_TASK STATEMENT_
In this exercise, retype exactly the lines from the start of the entries through the line bearing "2012.gada finanšu pārskats", leaving every picture out.

_INPUT_
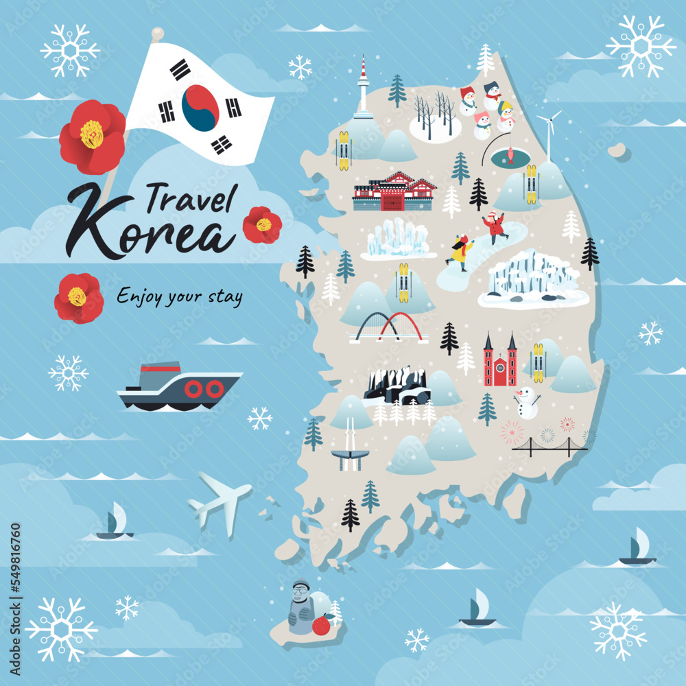 Fototapeta South Korea winter travel map vector illustration
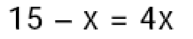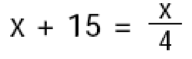 Bob is thinking of a number. He adds 15 to his number and finds the result is four times his number. Suppose x is Bob's number. Which equation is always true?
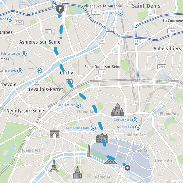 Tourner légèrement à droite sur D911 (Pont de Clichy) et continuer sur 90 mètres
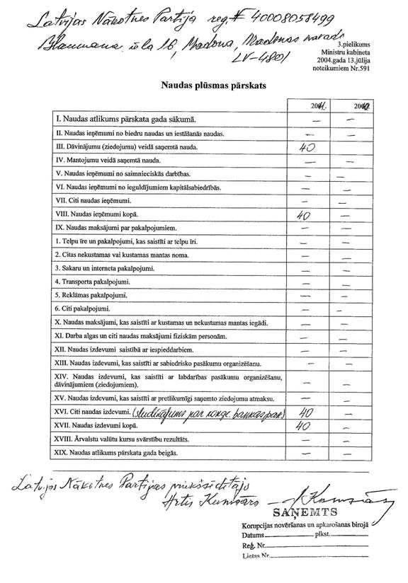 Politiskās partijas "Tautas kontrole" 2012.gada finanšu pārskats
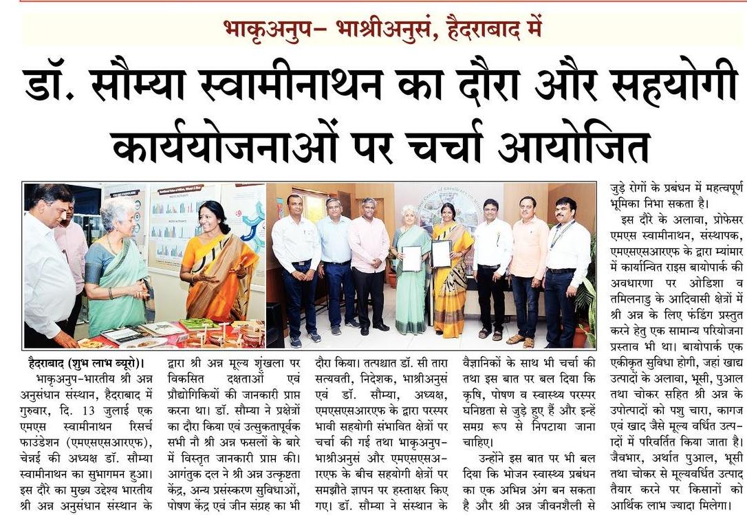 - Entrepreneurship Foundation Program In Millets (EFPM) Dates :: 13-16th October 2025 One day training programme on Cooking with Millets on 25th September 2025 One day training programme on Startup Ignition Training - Emerging Bussiness Opportunities in Processing of Millets Sector on 26th September 2025
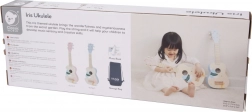 Ukulele wykonano z trwałych materiałów i ozdobiono nietoksycznymi farbami. Doskonale sprawdzi się podczas swobodnej zabawy, zajęć umuzykalniających i wspólnych chwil z rodziną – zarówno w domu, jak i na zewnątrz. To przyjemna droga do rozbudzenia w dzieciach kreatywności i wrażliwości na muzykę.
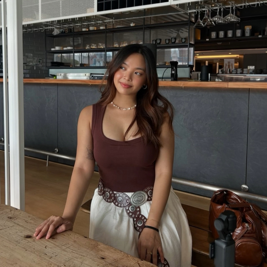 Square Neck Tank Top - Brown
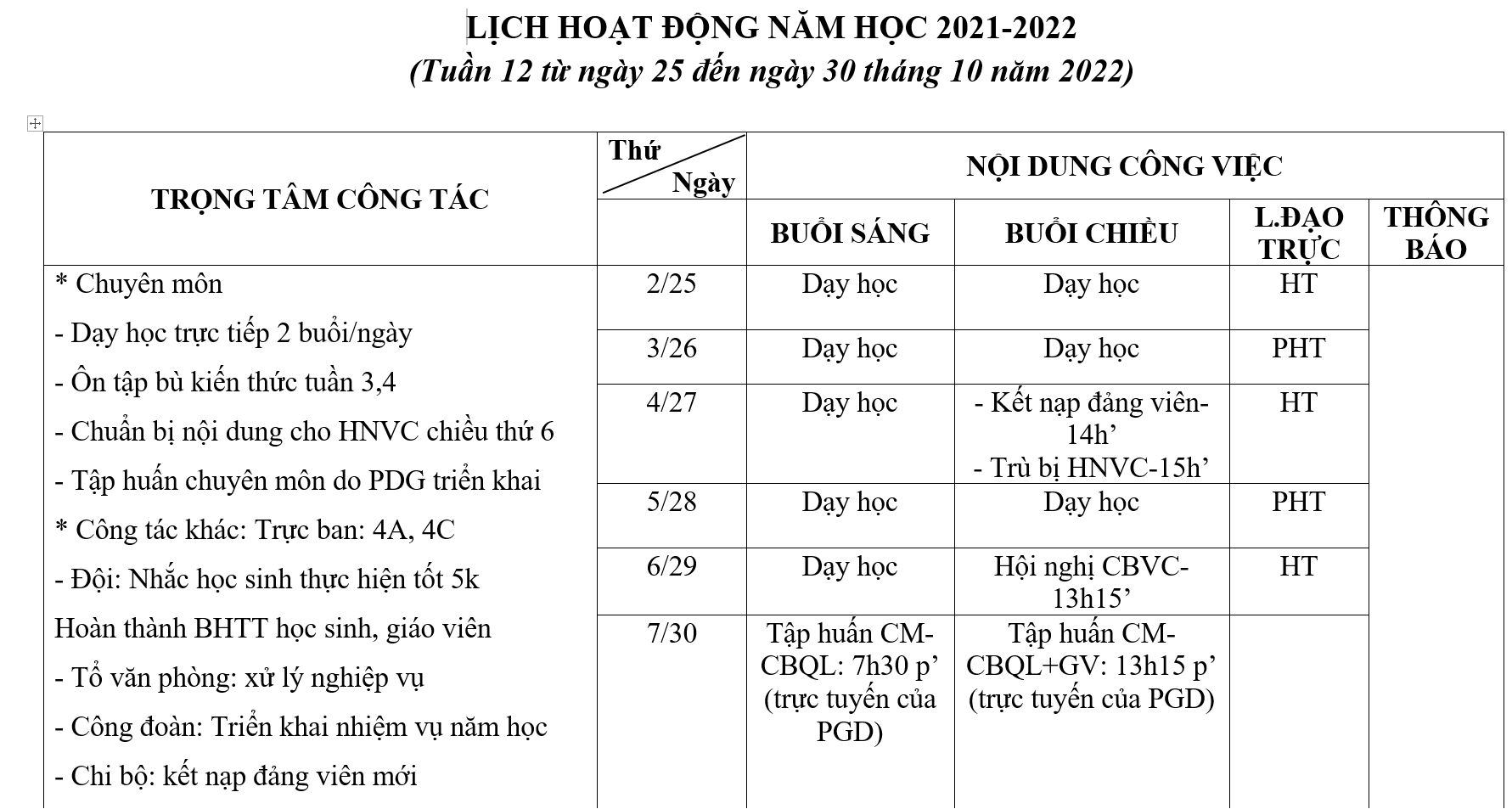 LỊCH HOẠT ĐỘNG NĂM HỌC 2021-2022 (Tuần 12 từ ngày 25 đến ngày 30 tháng 10 năm 2022)
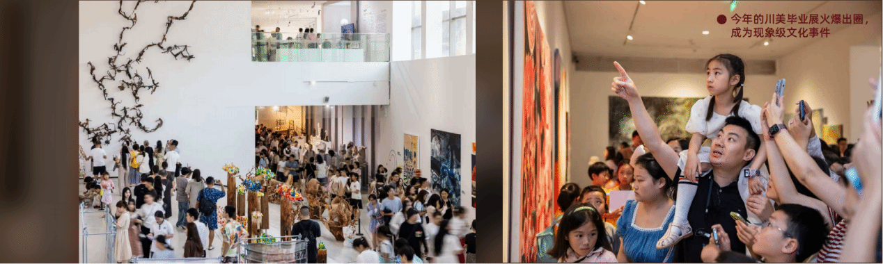 刚刚结束的川美“开放的六月”毕业展,共迎来了75万人次的观展,单日最高进馆人数3.2万人,公众号预约单日打开次数超34万次,新华社、中央电视台、人民日报、光明日报、中国日报、中国青年报等央媒及30余家省市主流媒体进行了广泛而深入的报道,China Daily、国际在线等国际传播平台通过Facebook、Twitter等海外平台向国际传播,引发广泛关注,全网相关话题讨论量超10亿人次,成为现象级的文化事件。超万件作品与川美85年波澜壮阔的岁月不期而遇,不仅呈现了1500余名同学的艺术创新力与技艺融合的现代表达,还迎来一波艺术教育、艺术创作面向大众的破圈式共情。正是你们,2025届的全体毕业生,以自己的勤奋、天赋和努力,赢得了属于你们的荣誉。艺术以它直指人心的力量,可以触动青年的思想,激发公众的讨论,汇聚大众的共情,凝聚社会的共识,成为时代的注脚。我们所热爱的艺术,始终以“各美其美,美美与共”的博大,在个体心灵与时代精神之间,架设起对话互通的桥梁,让每个平凡的生命,都能在艺术的滋养中,找寻到属于自己的诗意栖居。
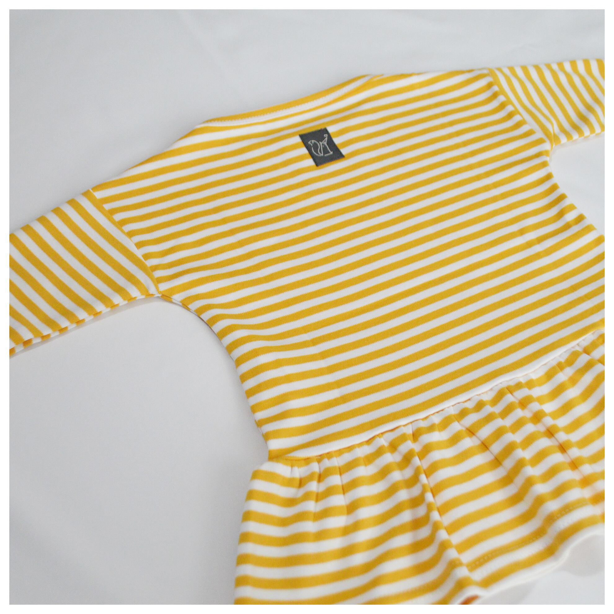 100%オーガニックコットンの布地が柔らかく、優しい着心地のワンピース。ボートネックで首周りが大きすぎて肩が落ちてしまうようなこともありません。サラッと1枚で着ても可愛らしく、タイツやレギンスと合わせて様々なスタイルを楽しめます。
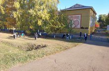 Экологик икеайлык кысаларында мәктәбебез укучылары эшне башладылар. Алар мәктәп территориясен коелган яфраклардан, чүп чардан чистарталар.
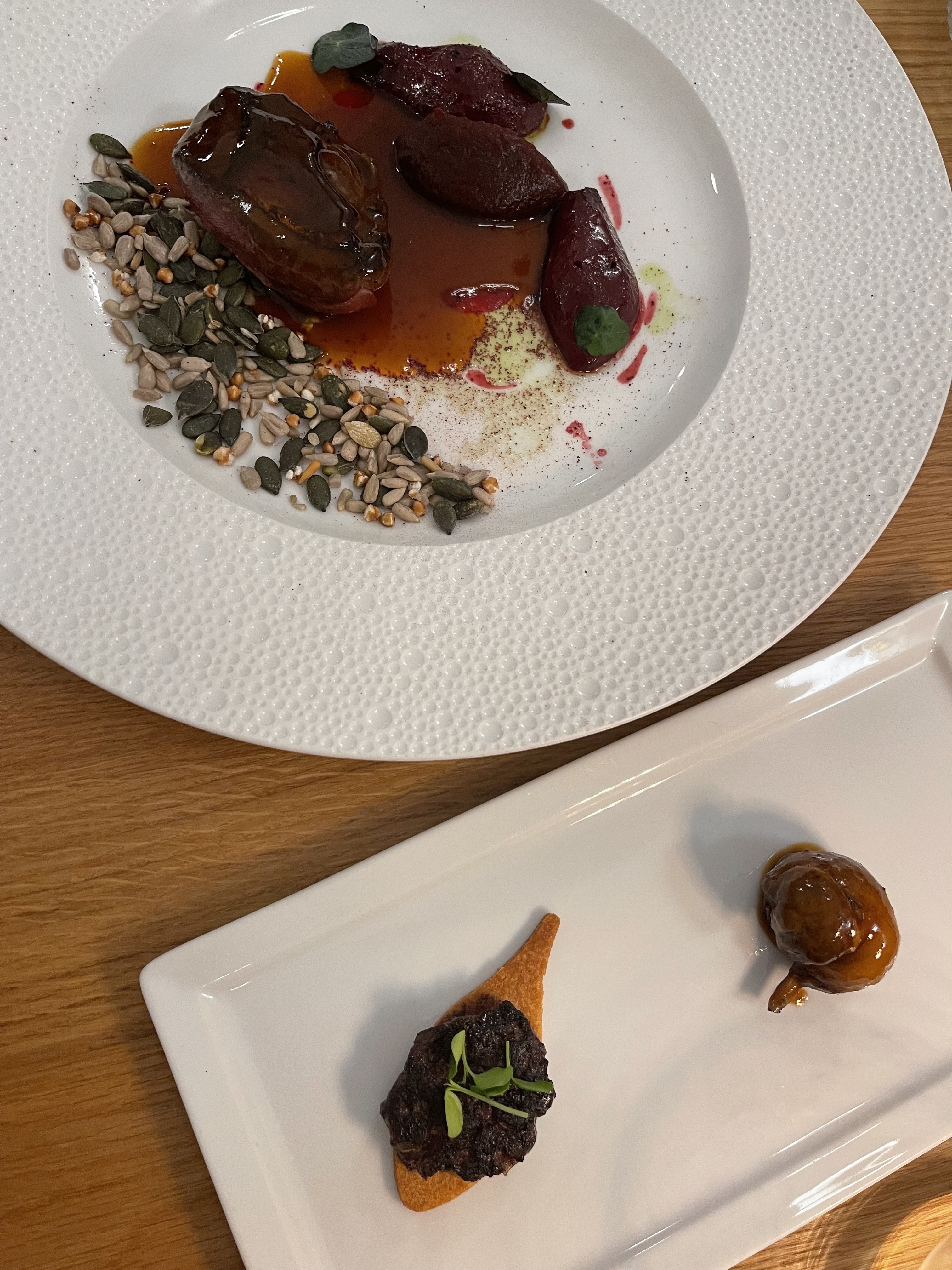 Endroit cosy entrée et mise en bouche très bonne mais le ris de veau et la lotte sont 2 plats dont les texture sont à risque surtout pour le ris de veau trop mou dommage le dessert est originale à base de beternut ;pas trop sucrée ! L addition est correct à se faire sa propre idée!!!

_RESPONSE AREA_
 Fototapeta South Korea winter travel map vector illustration
 Bob is thinking of a number. He adds 15 to his number and finds the result is four times his number. Suppose x is Bob's number. Which equation is always true?
 Tourner légèrement à droite sur D911 (Pont de Clichy) et continuer sur 90 mètres
 Politiskās partijas "Tautas kontrole" 2012.gada finanšu pārskats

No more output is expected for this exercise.